Но теперь она знала, ЧТО ДЕЛАТЬ.
Она остановилась.
НАЗВАЛА это чувство — «любовь, смешанная с обидой».
НАШЛА ПРИЧИНУ — «он пришёл не потому, что полюбил, а потому, что его задело моё равнодушие».
СФОРМУЛИРОВАЛА МЫСЛЬ — «если я сейчас уступлю, я перестану быть собой».
И тогда она произнесла слова, которые стали её победой:
— Я вас люблю (к чему лукавить?), но я другому отдана и буду век ему верна.
Она НЕ ОТРЕКЛАСЬ от чувства. Она НЕ СОЛГАЛА. Она просто перевела его на язык сознания, и этот перевод дал ей силу сказать «нет» — не потому, что она разлюбила, а потому, что она ВЫБРАЛА СЕБЯ. Свою честь. Свой покой. Свой договор с собственной душой.
Её верность мужу была не слепым долгом, а СОЗНАТЕЛЬНО ВЫБРАННОЙ ТЕРРИТОРИЕЙ СВОБОДЫ. Это была не клетка, а крепость — и ключи от ворот она бросила в глубокий колодец собственного решения. Отказав Онегину, она выбрала саму себя. Глядя на спящего мужа, она чувствовала скорее не любовь, а тихую солидарность с ним, как с другим пленником тех же условностей.
А с племянницами, дочерями сестры Ольги, этими бесхитростными чистыми и искренними существами, она позволяла себе быть ИНОЙ — мягкой, внимательной, полной скрытой страсти. Им она рассказывала истории, учившие видеть суть, а не оболочку. Она задавала им вопросы вместо наставлений, помогая самостоятельно находить нить в лабиринте чужих поступков. В этой любви таилась грусть — она хотела, по-матерински, дать им ту внутреннюю опору, которую сама обрела такой высокой ценой. Она пыталась подарить им карту тех земель, где сама когда-то ЗАБЛУДИЛАСЬ, но чудом выбралась.
Душевное ОДИНОЧЕСТВО Татьяны было её спасительным островом. Она избрала одиночество среди людей, как путешественник выбирает для ночлега не шумный постоялый двор, а тихую поляну под звёздами.
И лишь в самые тихие ночи её могла посетить тень сомнения, тихая, как шаги за стеной: «А что, если эта "ясность" — самообман?» Она тут же гнала эту мысль. Но сам факт её появления делал её холодную ясность ЧЕЛОВЕЧНЕЕ — не гранитной монолитностью она держалась, а прочностью крепкого деревца, которое гнётся под ураганом, но держится корнями.

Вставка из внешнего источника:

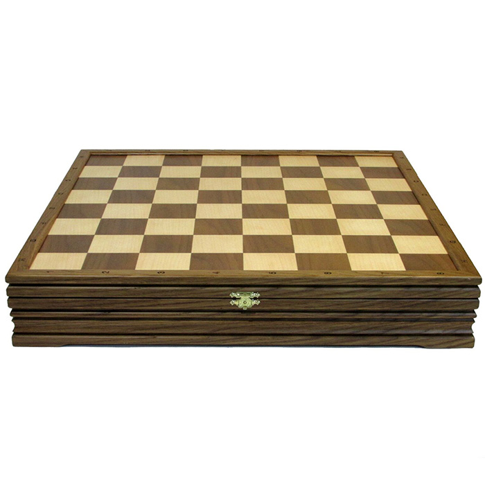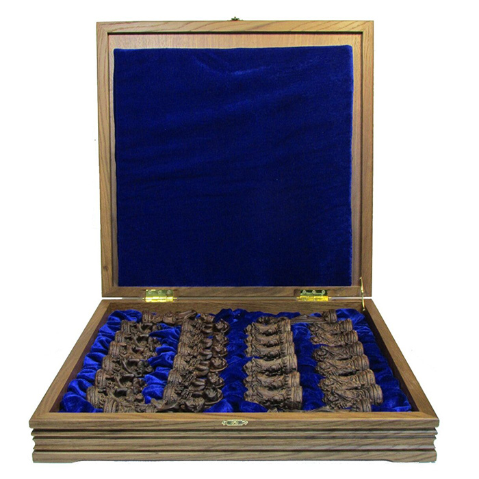Игровое поле выполнено вручную из черного дуба с чередующимися вставками шпона клена и американского ореха, образующими гармоничный ритм 57-миллиметровых клеток. Поверхность обрамлена индексацией, добавляющей нотку классики. Внутри доски предусмотрен мягкий ложемент, обитый синим бархатом, бережно фиксирующий каждую фигурку. Визуальная аскеза темного дерева в контрасте с насыщенным бархатом формирует образ достойного подарка — интеллектуального, ироничного, немного дерзкого.

Пришло смирение: счастье не всегда следует за зовом сердца. ВЫБОР СДЕЛАН. Время оказалось не рекой, в которую можно войти дважды, а гравёром, чей резец оставляет на душе неизгладимую надпись.
Найти покой для сердца, сохранив остроту ума, — задача не из лёгких. Но она была решена. Потому что «второго шанса» на старых условиях не бывает. Нельзя вернуться и стать прежней. ВСЁ ИЗМЕНИЛОСЬ. Её силой стало это трагическое равновесие — умение жить по своим правилам, когда буря души обращена не вовне, а вовнутрь, питая тихий, неиссякаемый родник достоинства. Не победа над стихией стала важна, а долгий договор с ней.
Этот блестящий свет, всё это ВЫСШЕЕ ОБЩЕСТВО с его самодовольным блеском, было теперь для неё прозрачно, - как ДЕШЁВОЕ СТЕКЛО. Она видела их изящный полёт, их блики, их пустоту. И отвечала им тем, чего они боялись больше всего: спокойным, ясным взглядом. За ним скрывалась целая вселенная прожитой боли, преодолённой страсти и обретённой, незыблемой свободы. Это чувствовали и РАСЦЕНИВАЛИ КАК ОПАСНОСТЬ. Она была опасна не действием, а самим фактом своего существования — асимметричного, не вписанного в их правила, настоящего. И в этом была её победа.
Она не стала другой. Она СТАЛА СОБОЙ — той, кто знает о себе всё. И это знание, она поняла это окончательно, и есть высшая форма сознания. Татьяна проделала этот путь до конца — от слепого огня к ясному свету, от рабства чувства к его осознанному обладанию. Она заплатила за это превращение годами тишины, но взамен получила то, что никто не мог у неё отнять: ВНУТРЕННЮЮ ЦЕЛОСТНОСТЬ.
Механизм, который она открыла, не был её личным открытием. Это был закон души — универсальный, вневременной, работающий одинаково и в дворянской усадьбе, и в городской квартире, и в любое столетие.
Теперь, закрыв дневник, Татьяна смотрела на пламя в камине и знала: огонь может гореть внутри, не сжигая. Можно носить в себе целое море страсти, но не утонуть в нём, если научиться смотреть на него с берега. И тогда любое чувство, даже самое разрушительное, перестаёт быть врагом. Оно становится учителем.
Больше не нужно бояться чувств. Нужно учиться их читать. Как читают книгу на незнакомом языке — медленно, по слогам, заглядывая в словарь собственной души
«Я вас люблю (к чему лукавить?), но я другому отдана...»..
Часть вторая. Василиса
Закончив писать, Василиса закрыла ноут, откинулась на спинку кресла и, закрыв уставшие глаза, притихла в нахлынувшем умиротворении.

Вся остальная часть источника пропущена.